Thomas Wakelin was a baker and had a bakery in Coventry, England. He was also a local preacher of Wesleyan Church.
He and his family came to El Paso, Illinois in 1860. They started from England and encountered such a severe storm that the ship was damaged and they had to put into Cork Ireland, and wait for another ship. It was six weeks from the time they left England until they reached El Paso.
Uncle Joseph Whorrall lived there with his wife Debbie and family in a log cabin, and that was where they stopped. Debbie had a big family and was not a very tidy housekeeper. William was 14 and Thomas was 7 years old when they arrived there in El Paso. William remembered about their drying corn on the roof for winter and even had some tobacco drying.
Grandma had brought sponge cake and crackers from England and of course tea and tea pot. Aunt Debbie said after Sally got there she make a pot of that English tea and served the dry sponge cake and crackers which Sally called biscuit. Aunt Debbie said, "Grace, that was the best food I ever tasted." Papa said there was lots of wild game and Grandma nearly had a fit because Aunt Debbie let the children throw meat bones to the dogs and they ate them on the hearth- which drew flies since the window had no screens.
The first work dad (William) did was to help get in a load of hay. They put him on the wagon, but he didn't know how to spread it.
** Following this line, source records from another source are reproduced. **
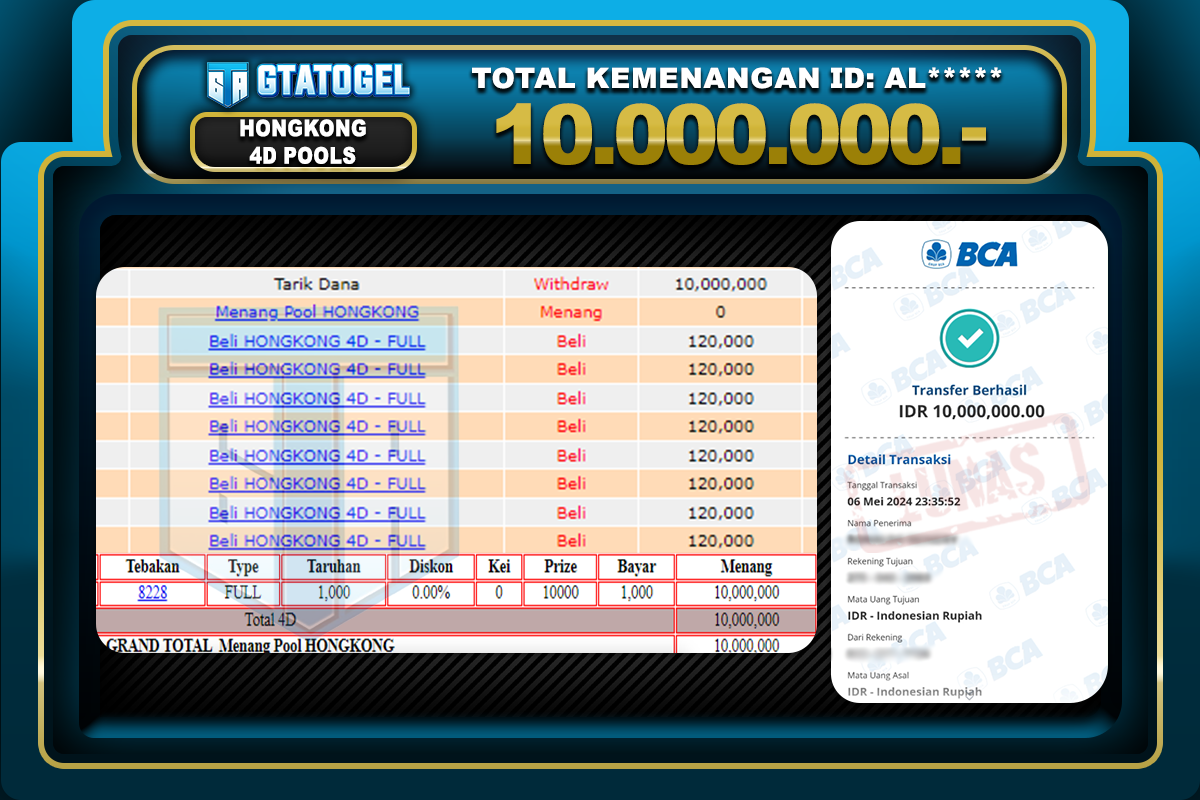 GTATOGEL – BUKTI WITHDRAW KEMENANGAN JP HONGKONG POOLS Rp. 10.000.000,- DI BAYAR LUNAS !!!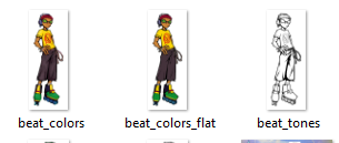in other news, im screwed. i got lazy and stopped saving all my files to my computer and opted to keep some on a usb. lo and behold, i managed to completely brick said usb. ive already looked into file recover and everything, and there absolutely no way for me to retrieve any of the files. like, at all. thankfully none of the comic pages/iSSUES were lost, but sadly some sketches and base files for character references were. so uh, beat is stuck wearing his orange swirl t-shirt until i can find a way to reliably convert the png ref images into straight linework.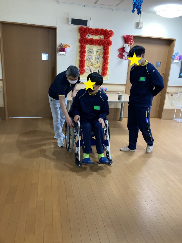 学生の皆さん、車椅子を体験してみましょう(^_^)/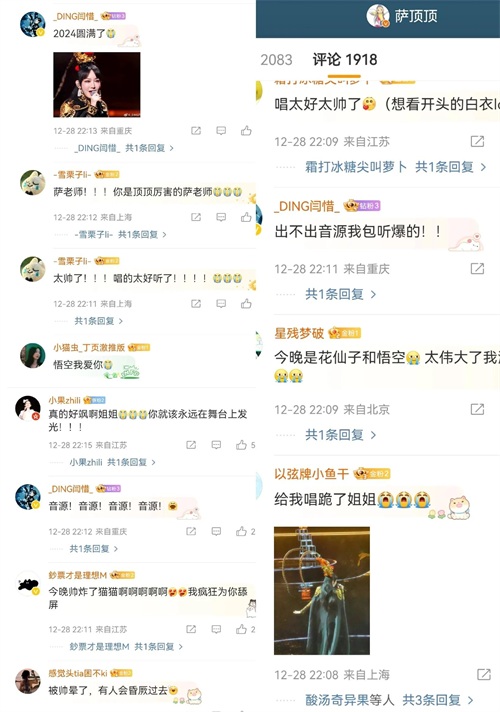 一曲《天命.启心程》更是气势恢宏,一开唱就引发无数观众尖叫不停!有网友热评听了萨顶顶的这首歌,“2024年圆满了”唱的太好了,太有气势了,被帅晕了,你是顶顶厉害的萨老师等等,好评不断,更有诸多网友索要这首歌的音源!

Dad and the hay slipped off and they surely scolded him, then showed him how to spread it. The hay was wild slough hay. They also were drying wild plums for winter, had mosquito bar over them, and flies so thick. They dried berries too.
Thomas and Sarah settled on a farm near the present location of Roberts, Illinois, but that was several years before the coming of the railway and therefore before Roberts had been brought into existence. It was such a change from life in England. Grandma Wakelin brought copper kettles and dishes and silver from England. The copper kettles had to be scoured, and as soon as the food was cooked in them the food had to be poured out. Grandpa had brought a lot of goods, coats, etc., from England which he sold at a profit.
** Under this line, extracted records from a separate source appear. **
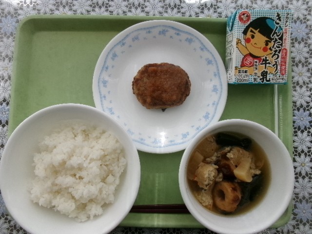 ご飯 ハンバーグ梅おろしソース おだわらっ子おでん 牛乳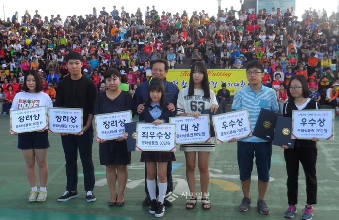 지난 13일 서울 금천구가 '생명사랑 생명존중 Happy Walking 금천 한가족 건강걷기대회'를 열고 '자살예방 및 생명존중 UCC공모전 시상식' 진행과 수상작 상영 등의 행사를 진행했다. 사진은 차성수 구청장과 수상자들의 모습.(사진제공=금천구청)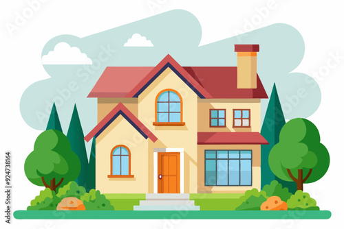 A Cartoon Illustration of a Two-Story House with a Red Roof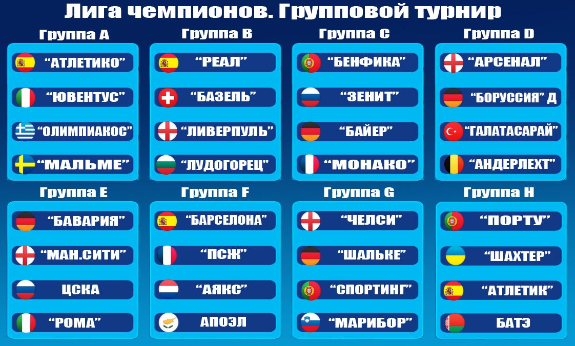 Группа E: "Бавария" (Германия), "Манчестер Сити" (Англия), ЦСКА (Россия), "Рома" (Италия).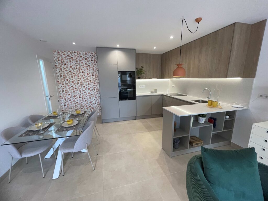 The interior of these townhouses is designed to offer maximum comfort. With three bedrooms and three bathrooms, each property is equipped to meet the needs of families or groups. Porcelain tile floors add a touch of elegance and are easy to maintain. The kitchen is equipped with modern appliances, facilitating daily life. Air conditioning ensures a pleasant environment year-round, while built-in wardrobes offer efficient storage space. Additionally, the video intercom adds an extra level of security and convenience.

Sarah was taller and real slender. Thomas was short and stout and he always wore a plug hat and carried a walking stick. One morning he got up early and went down town. The banker, Mr. Anderson, asked him, "Thomas, what have you got on your neck?" He said a handkerchief. It was dark, in the room and he had picked up Sarah's white cotton stocking-and did they joke him. Sarah got up and hunted everywhere for the other stocking. She could not understand what had happened to it. Sarah wore a bonnet with the strings tied in a bow. She didn't wear glasses but used a reading glass. She would carry her Bible to church and follow when the minister read the lesson, also the songs.
[Also contributed by J Lossing] Thomas WAKELIN was born January 1, 1816, when the bells were ringing the old year out and the new year in.
--Photo and story from James Lossing. Find A Grave.
Thomas and Sarah (Whorrall) Wakelin buried: Lyman Township Cemetery. Roberts, Illinois.